= Carl Schulz =

Norwegian educator and politician

Carl Schulz (12 November 1851 – 15 August 1944) was a Norwegian educator and politician for the Liberal Party. He became known as a teacher of physics, electrotechnics and mineralogy before advancing to being school director.

==Personal life==
He was born in Trondheim as a son of attorney Laurentius Andreas Schulz and Christiane Wilhelmine Ulich. His grandfather was a German immigrant. He was a brother of educator Thomas Norberg Schulz, and thus a granduncle of architect Christian Norberg-Schulz and great-granduncle of opera singer Elizabeth Norberg-Schulz. In July 1889 in Trondhjem he married shipmaster's daughter Gudrun Boye (1866–1953). He died in August 1944 in Trondhjem, aged 92.

==Career==
He finished his secondary education at Trondhjem Cathedral School in 1871, studied philology for one and a half-year and then the sciences. He graduated with the cand.real. degree in 1877, and worked in Ås and Tromsø until May 1878. He was then hired as a teacher at Trondhjem Cathedral School. He also worked at a middle school in the city. In September 1893 he was hired as a teacher of physics, applied physics, electrotechnics and mineralogy at Trondhjem Technical School. He worked two jobs until being let go (following his own request) from Trondhjem Cathedral School in June 1894. Electrotechnics in particular was a new field, so he had to be an autodidact, with several study trips to continental Europe. He wrote the textbook Grundtræk af elektrotekniken in 1909. Trondhjem Technical School went through organizational changes in the 1910s, and Schulz was the school's director from July 1917 to his retirement in 1926.

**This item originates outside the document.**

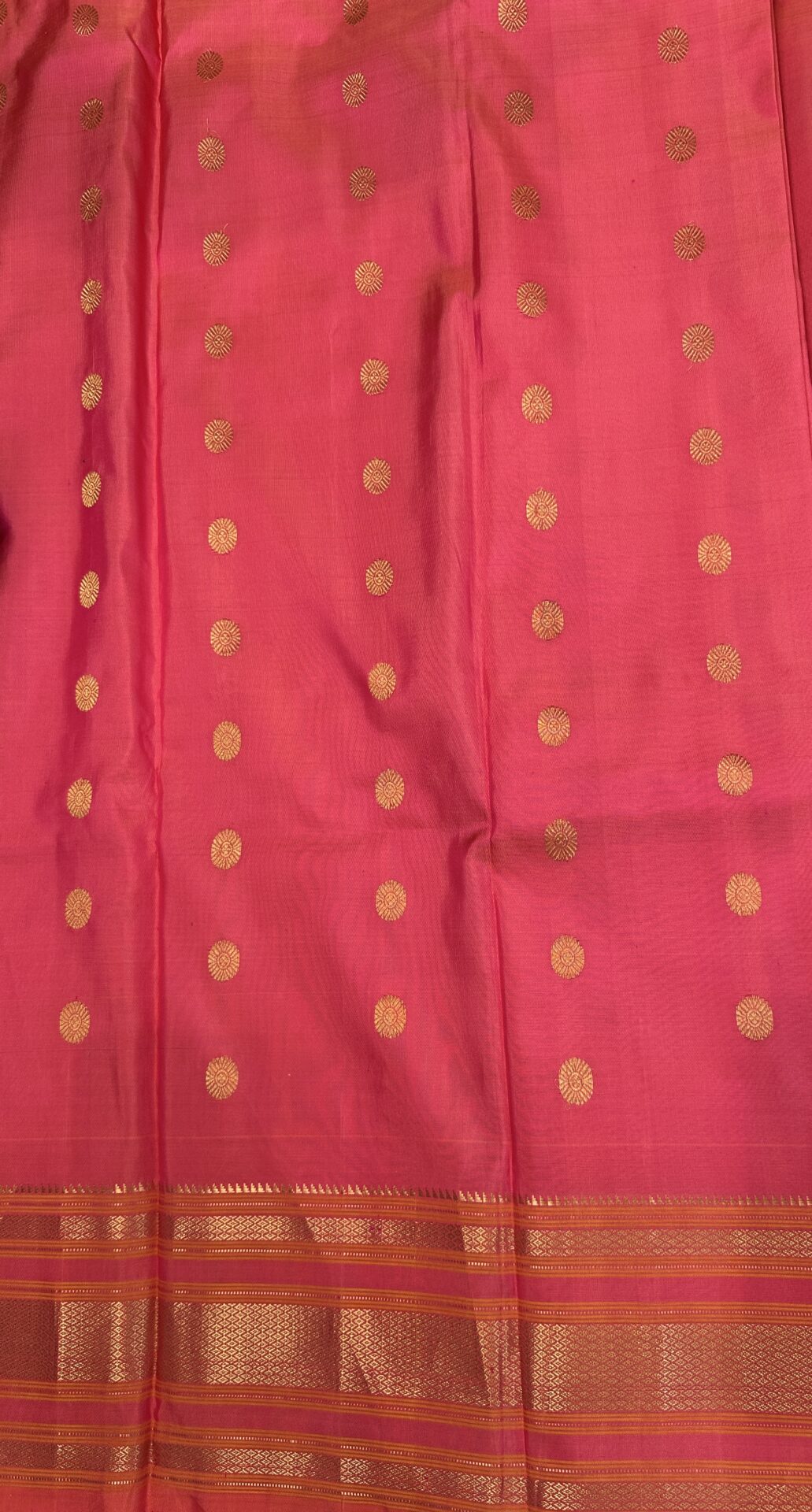 This vibrant Paithani saree in rich pink and orange hues with traditional golden zari work and a multicolor peacock pallu is a heritage masterpiece—perfect for festive celebrations and weddings.

He represented the Liberal Party in Trondhjem city council from 1902 to 1904, and participated in the planning of an electricity works at Lerfossen. He collected minerals for the Royal Norwegian Society of Sciences and Letters, managing their mineral collection from 1878 to 1936, and also donated some to Trondhjem Cathedral School. He also spent much spare time working for the trekking cause. A well-known tourist cabin in Sylan bears his name. He was an honorary member (1937) of the local Polytechnic Society, and was awarded the King's Medal of Merit in 1925.